Bill, Scott, Carter, and Kathryn regrouped and left Austin and the setting sun behind them. Carter... recovered... Houdini’s Key, and the gang planned their next move. They knew that this was only a setback for Pantagruel, and now the Denarian had access to Crowley-Lampkin through Alex Abel. The creature had gotten his diabolical chocolate in Abel’s sociopathic peanut butter. The next morning, Carter stole a new BMW motorcycle and the gang vowed never to return to Austin, Texas.

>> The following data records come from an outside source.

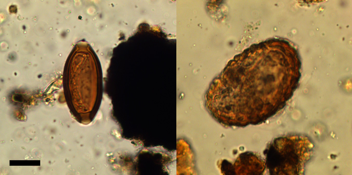 Яйця паразитичних червів, що спричиняли хвороби римських солдатів на півночі Британії. Ledger et al. / Parasitology, 2025
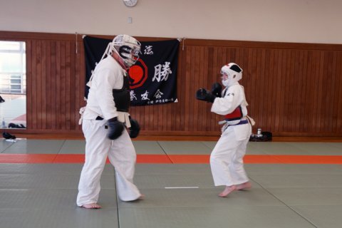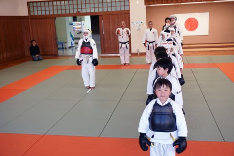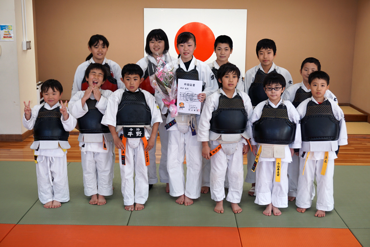 卒団の儀式、三月をもって卒団する少年部の子ども達との総当たり戦。
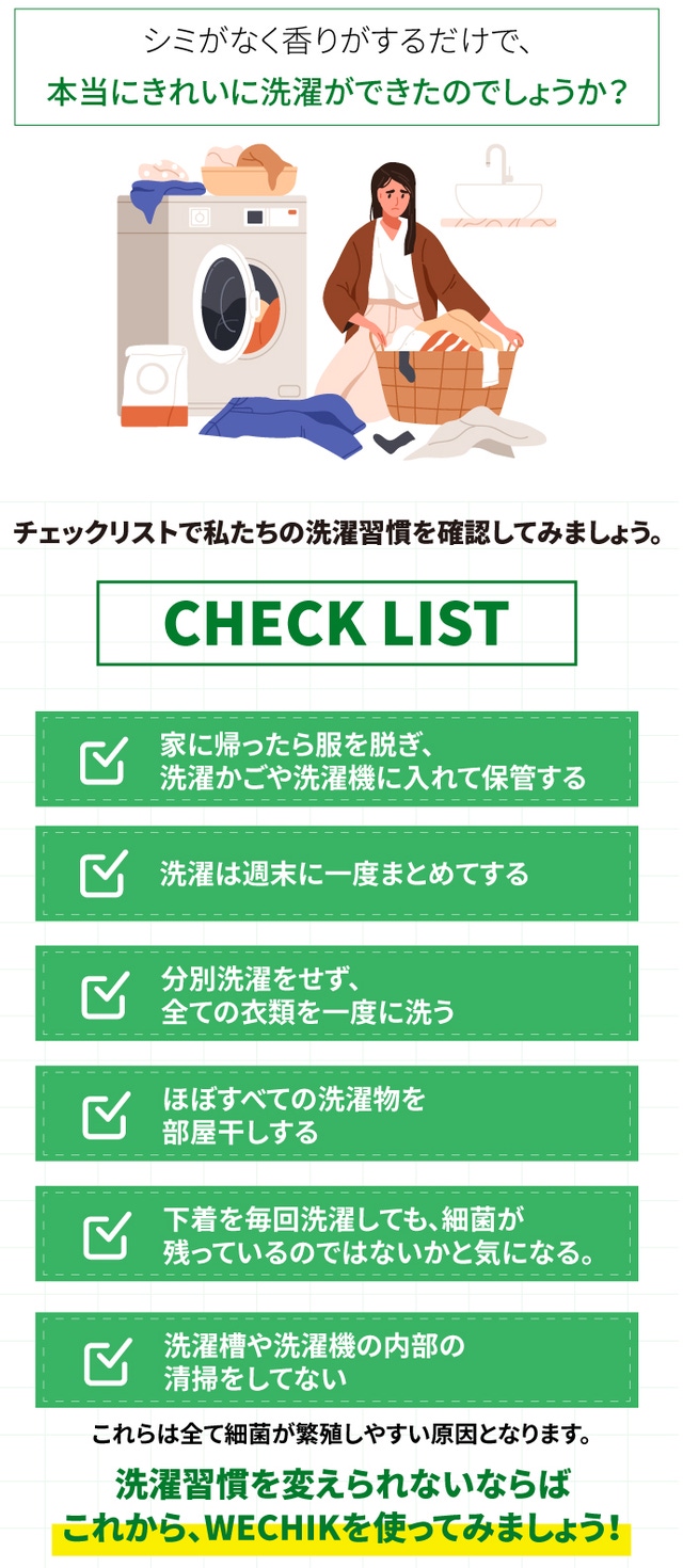 一般洗剤又は柔軟剤で除去できない有害微生物除去WECHIK!
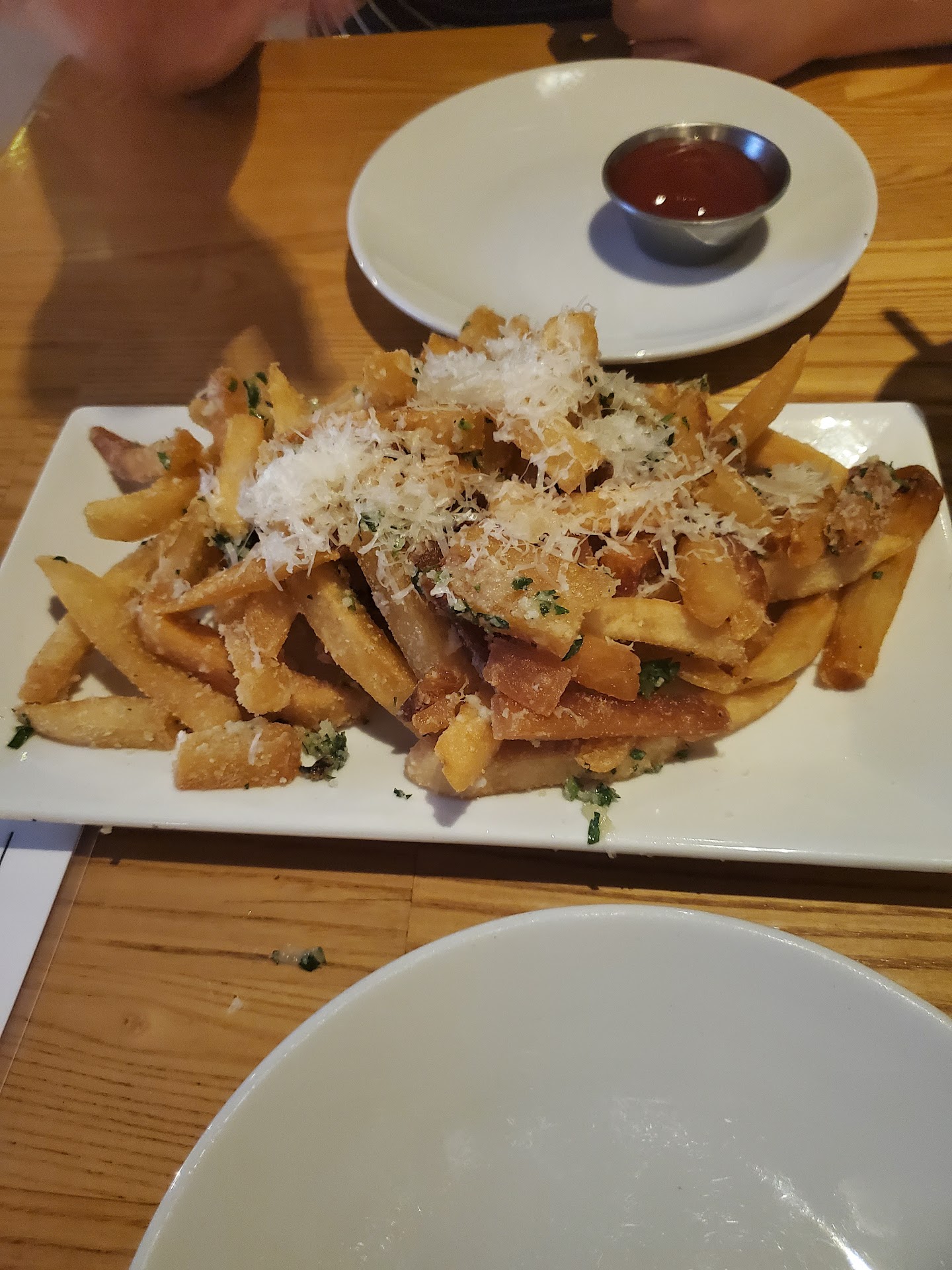 Im from Corona and i looked up this place while Apartment hunting the Ahi Poke Nachos where the item that made me come here.. Unfortunatly they were sold out so we got The Truffle Fries ( were alil over cooked but we like crispy fries) but I only asked a simple question, if the burger was handpacked (yes or no would have sufficed but my waitress didn't understand and gave us a doffrent waitress) so whatever no big deal but what was unprofessional is she than began to ignore me (our previous waitress) she came to our table a few times to get my sister some more drinks but when I asked she ignored me... the only time she was intrested in anything I wanted was more alcohol... so Experience was like I shouldn't be there or ask simple questions just shut up n eat. Food - Burger was so greasy made my stomach churn (Not handpacked has to be smashed into a thin peice of paper.. honestly In-n-Out burger has better flavor. The Bun was burnt, my "Grilled onions" were charcoal. It was unpleasant to eat I couldn't finish. My sister had the Fish and Chips she stated they were also super greasy and possibly Pre-Frozen the breading was soggy (even tho it was fried) Overall food was Mediocre for 92$ But Experience...
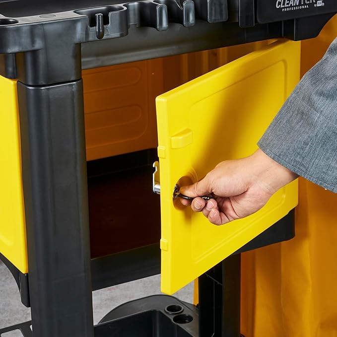 - LOCKING CABINET DOORS: Storage made simple and efficient! This heavy-duty janitor cart is equipped with single locking cabinet doors to keep cleaning supplies secure during transport.
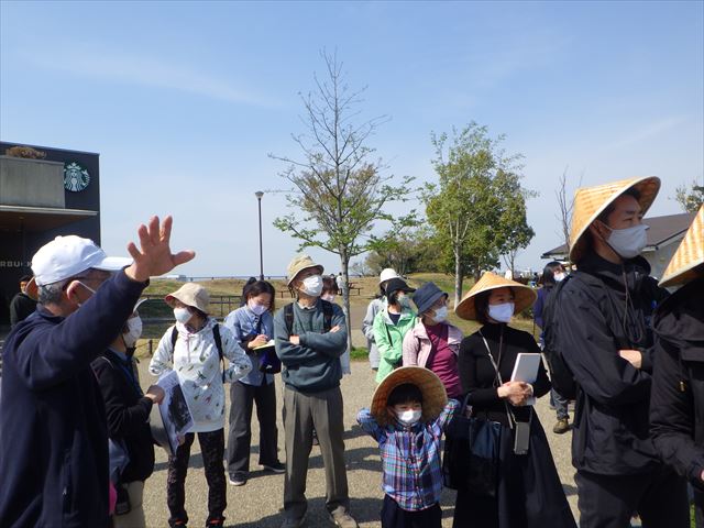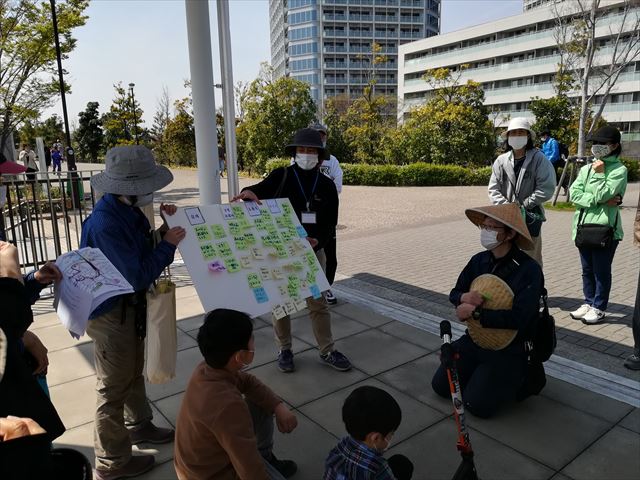 ・天気に恵まれ、桜や野の花を愛でながらの散策となりました。ルートは公園ビジターセンター~眺望広場~多摩川沿い外堤防~陸閘~二子の渡し跡~兵庫島~二子玉川駅~ライズ~ビジターセンター前とし、ひと回りしました。過去の写真と現在の風景を比較しながら歩き、感想や思い出話に花が咲きました。最後に時代別(宿場、玉電・遊園、高島屋、ライズ)にコメントをまとめ、皆さんの二子玉川の地域に対する思いを共有しました。最後に案内人のサポーターさんより「昔も今もこれからも二子玉川は都市と自然の共存を大切にしていきたい」「公園を育てるのは地域の役割」とのお話を頂き、サポーターの皆さんと共有しました。
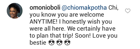 However, the actress is currently in the United States and from the photo shared by Omoni Oboli, she is with husband. They intend to visit Canada for group vacation.

The countless eyewitness accounts and reports about the events in Austin that day only served to further muddy the truth of what really happened. There were the usual youtube videos shouted down as fakes or CGI test reels. A lot of cryptid enthusiasts attributed Pantagruel’s antics to the Mothman (and let me tell you, Mothmen do not like being mentioned in the same sentence with Denarians). The hellfire spouts and gunfire were passed off to a worried public as domestic terrorism, and although there was enough evidence to prove otherwise, what possible explanation would be palatable to the public?

Warfield and Dallas ‘Junior’ Brown both survived their encounters with Crowley-Lampkin and the PCs. Brown remains at large and is wanted for questioning in connection with that day’s events. Warfield’s current whereabouts remain unknown.